• HOW TO COMPLETE THIS TASK:
Beginning at the first line of the material, output each line exactly until you reach and include the line containing "售价499.9元的【深度学习". Leave every picture out.

• EXERCISE DATA:
----
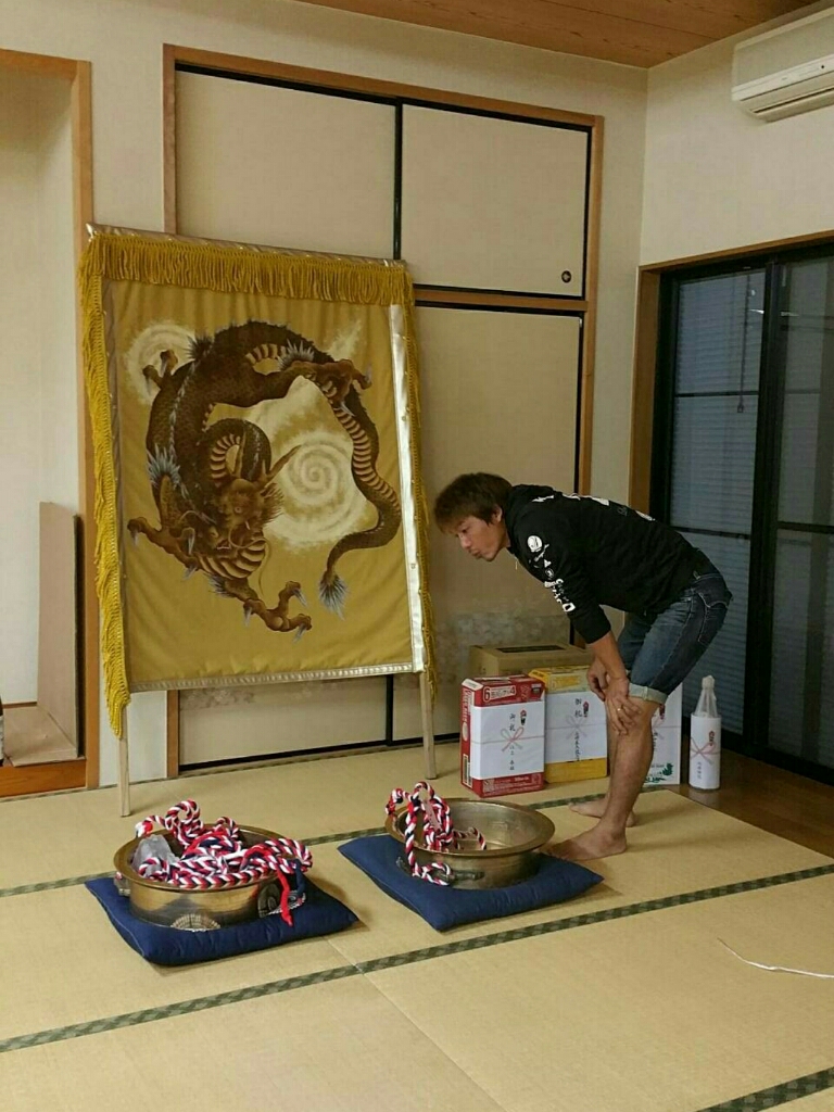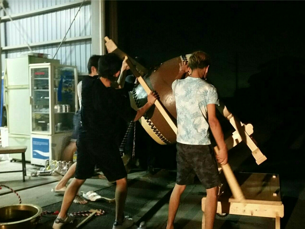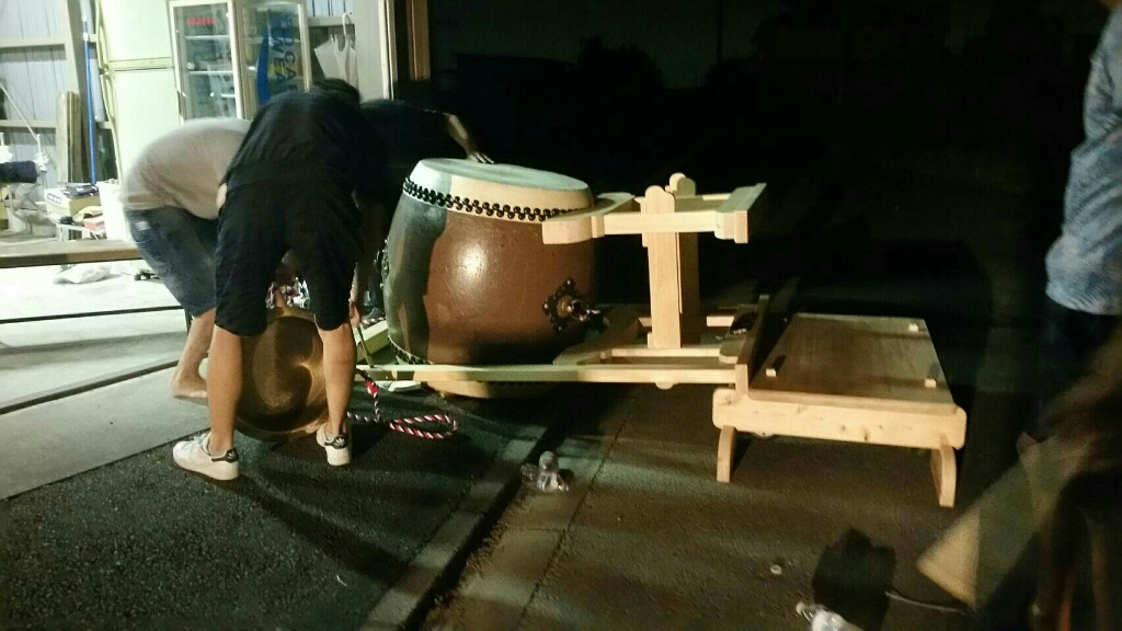 お祓いが済んでいないので、この太鼓を使わずに練習台での叩き出しです。
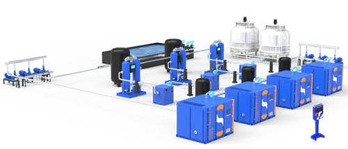 此次空压站升级项目通过实施能源管理,纺纱高压用气部分由青岛泰能达机电设备有限公司采用9台鑫磊股份双级双永磁变频空压机替换了原有进口空压机 。
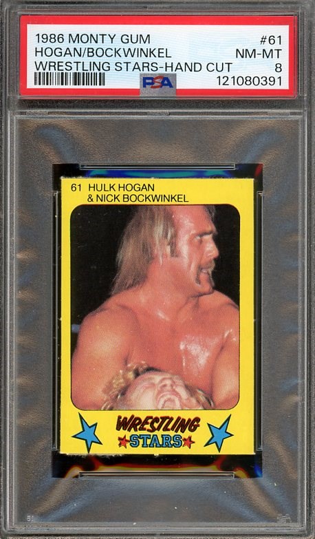 1986 Monty Gum Hulk Hogan Wrestling Stars #61 PSA NM/MT 8 - Here is an early issue of Hulk Hogan from the 1986 Monty Gum product. There are not many high grade examples of this card.
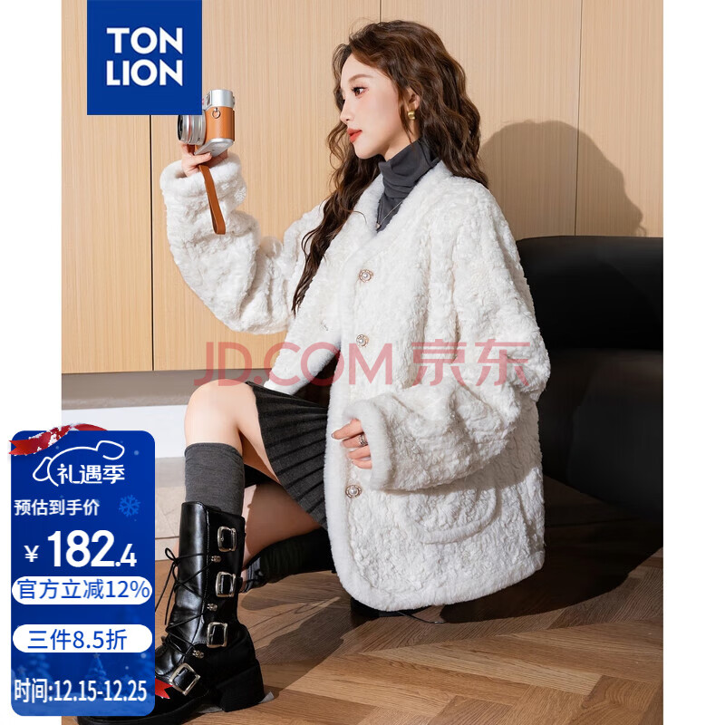 唐狮(TonLion)2025小香风外套女仿羊羔绒高级感气质宽松上衣潮流(249.9元)
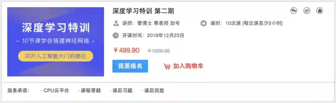 售价499.9元的【深度学习特训】课程 ,我给大家争取了30个优惠学习的名额!而且不需要发朋友圈之类的,仅需9.9元就可以学习。
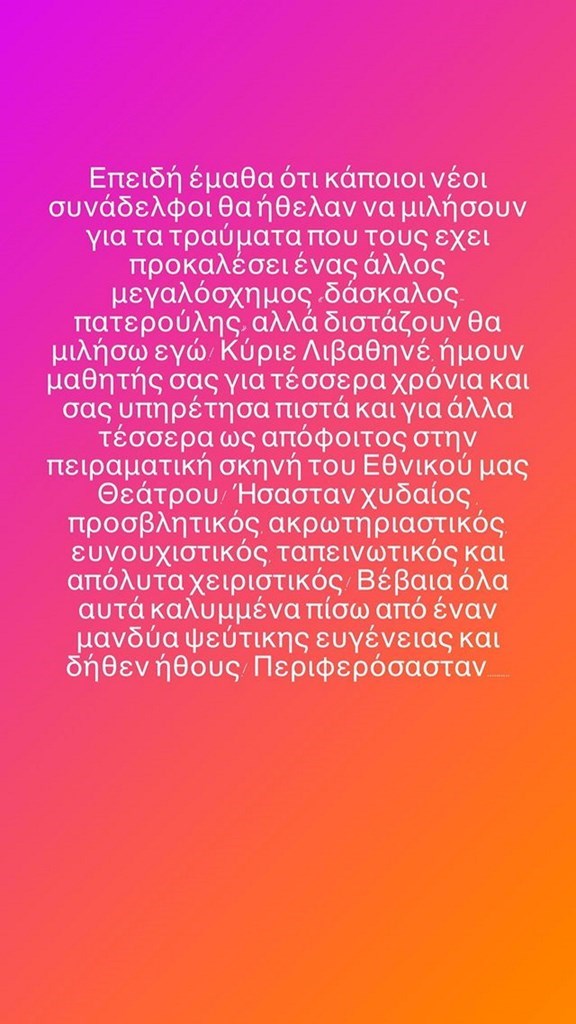 Ο Παναγιώτης Μπουγιούρης πριν από λίγες ημέρες μέσα από τον προσωπικό του λογαριασμό στο Instagram, κατηγόρησε ανοιχτά τον σκηνοθέτη, Στάθη Λιβαθινό πως για τέσσερα χρόνια που ήταν μαθητής του στη δραματική σχολή ήταν χυδαίος, προσβλητικός, ευνουχιστικός και ταπεινωτικός.
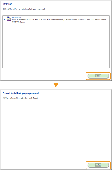 Installer e-håndbok på datamaskinen fra DVD-ROM som fulgte med maskinen.
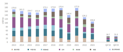 亞太區(qū)各主要市場2013-2023年商業(yè)地產(chǎn)投資額(單位:十億美元)
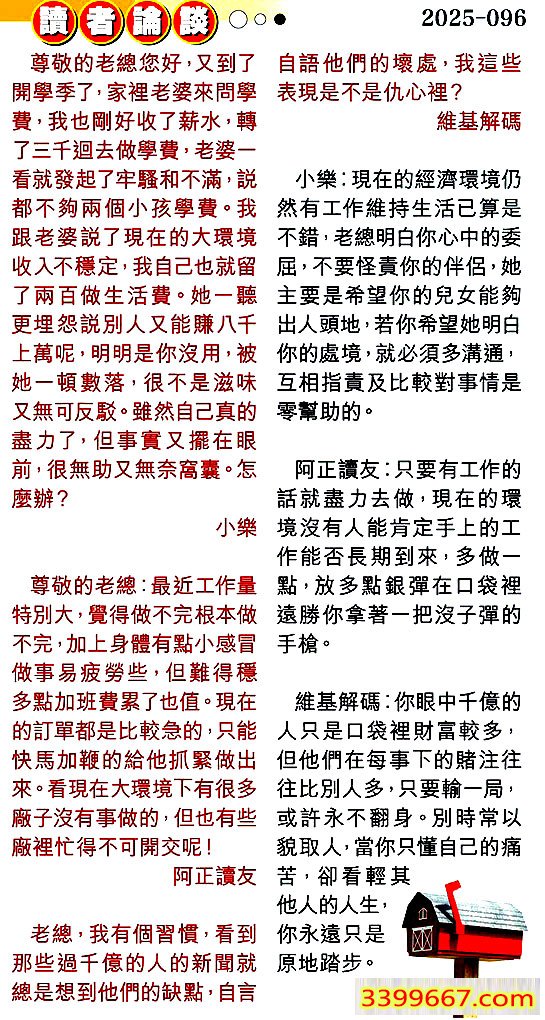 | 主题 :096期:彩民推荐〖貼信讀者論壇〗 |
----
• TASK SOLUTION:
 お祓いが済んでいないので、この太鼓を使わずに練習台での叩き出しです。
 此次空压站升级项目通过实施能源管理,纺纱高压用气部分由青岛泰能达机电设备有限公司采用9台鑫磊股份双级双永磁变频空压机替换了原有进口空压机 。
 1986 Monty Gum Hulk Hogan Wrestling Stars #61 PSA NM/MT 8 - Here is an early issue of Hulk Hogan from the 1986 Monty Gum product. There are not many high grade examples of this card.
 唐狮(TonLion)2025小香风外套女仿羊羔绒高级感气质宽松上衣潮流(249.9元)
 售价499.9元的【深度学习特训】课程 ,我给大家争取了30个优惠学习的名额!而且不需要发朋友圈之类的,仅需9.9元就可以学习。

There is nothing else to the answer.